Proposed Disclosure Requirement
As described in more detail below, FINRA believes that enhancing the disclosure requirements for transactions in fixed income securities to include additional pricing information will benefit investors by providing them with more information to better evaluate their transactions. FINRA is therefore proposing to amend FINRA Rule 2232 to require customer confirmation disclosure of same-day pricing information for customer retail size transactions in corporate and agency debt securities.10
Specifically, where a firm executes a sell (buy) transaction of "qualifying size" with a customer and executes a buy (sell) transaction as principal with one or multiple parties in the same security within the same trading day, where the size of the customer transaction(s) would otherwise be satisfied by the size of one or more same-day principal transaction(s), confirmation disclosure to the customer would be required. That disclosure would entail (i) the price to the customer; (ii) the price to the firm of the same-day trade; and (iii) the difference between those two prices.11 The rule would define "qualifying size" as a purchase or sale transaction of 100 bonds or less or bonds with a face value of $100,000 or less, based on reported quantity, which is designed to capture those trades that are retail in nature.
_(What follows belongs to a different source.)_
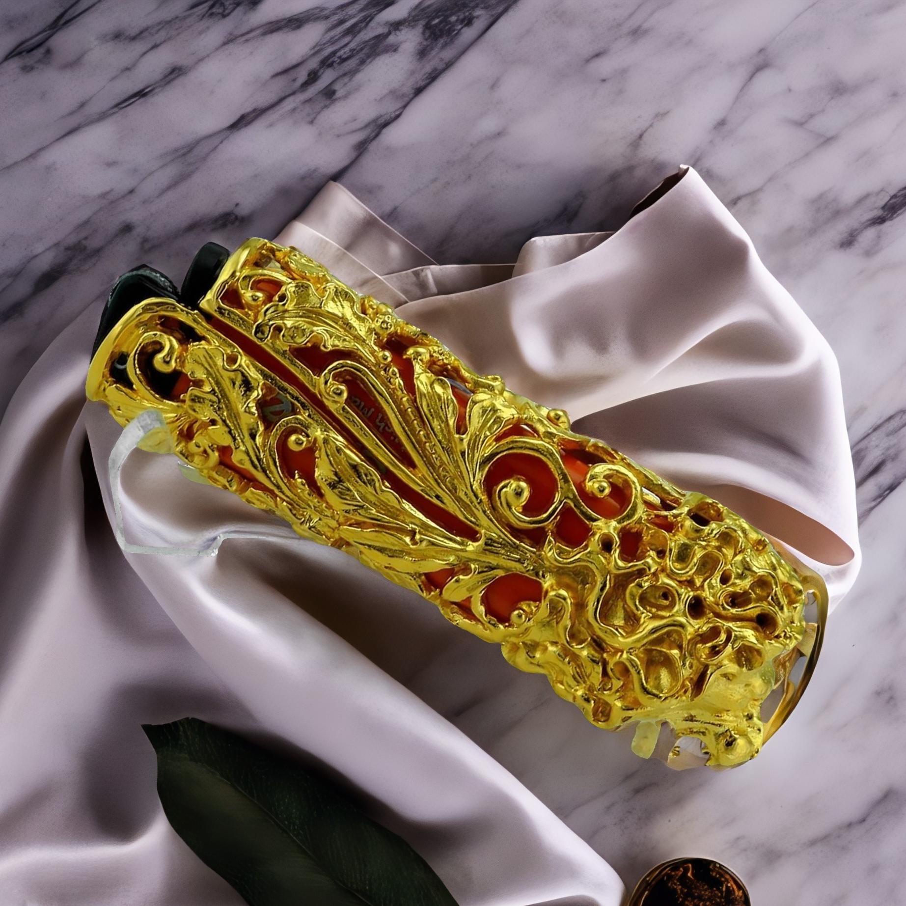 Ïîçîëî÷åííàÿ áðîíçà ïðèäàåò ÷åõëó äëÿ çàæèãàëêè Ëåâ ýñòåòè÷åñêóþ ïðèâëåêàòåëüíîñòü è âûãîäíî ïîä÷åðêèâàåò èçûñêàííîñòü äèçàéíà. |

The following examples address whether a transaction would trigger the proposed confirmation disclosure requirement:12
Since the transaction involves the purchase of 50 bonds by the customer within the same trading day as Firm A's purchase of the same number of bonds, Firm A would be required to disclose on the customer confirmation the price to the firm (100), the price to the customer (102) and the differential between the two prices (2).
Since the transactions involve the purchase of 100 bonds by each customer within the same trading day as Firm A's purchase of the same total number of bonds, Firm A would be required to disclose on the customer confirmations to each of the 5 customers the price to the firm (100), the price to the customer (102.50), and the differential between the two prices (2.50).
Since the size of the customer transaction was satisfied by the size of the firm's principal transaction on the same day, Firm A would be required to disclose on the customer confirmation the price to the firm (100), the price to the customer (102.50), and the differential between the two prices (2.50).
Since the size of the customer's purchase of bonds from Firm A is satisfied by the size of Firm A's purchase of bonds within the same trading day, Firm A would be required to disclose on the customer confirmation the price to the firm (100), the price to the customer 102), and the differential between the two prices (2.00).
Firm A would not be required to disclose the proposed pricing information on the customer confirmation because the size of the customer transaction exceeds the qualifying size disclosure threshold of 100 bonds or less.
Firm A would have disclosure requirements under the proposal to both customers. For Customer 1, Firm A would disclose the price to the firm (102), the price to the customer (98) and the differential between the two prices (4.00). For Customer 2, Firm A would disclose the price to the firm (98), the price to the customer (102) and the differential between the two prices (4.00).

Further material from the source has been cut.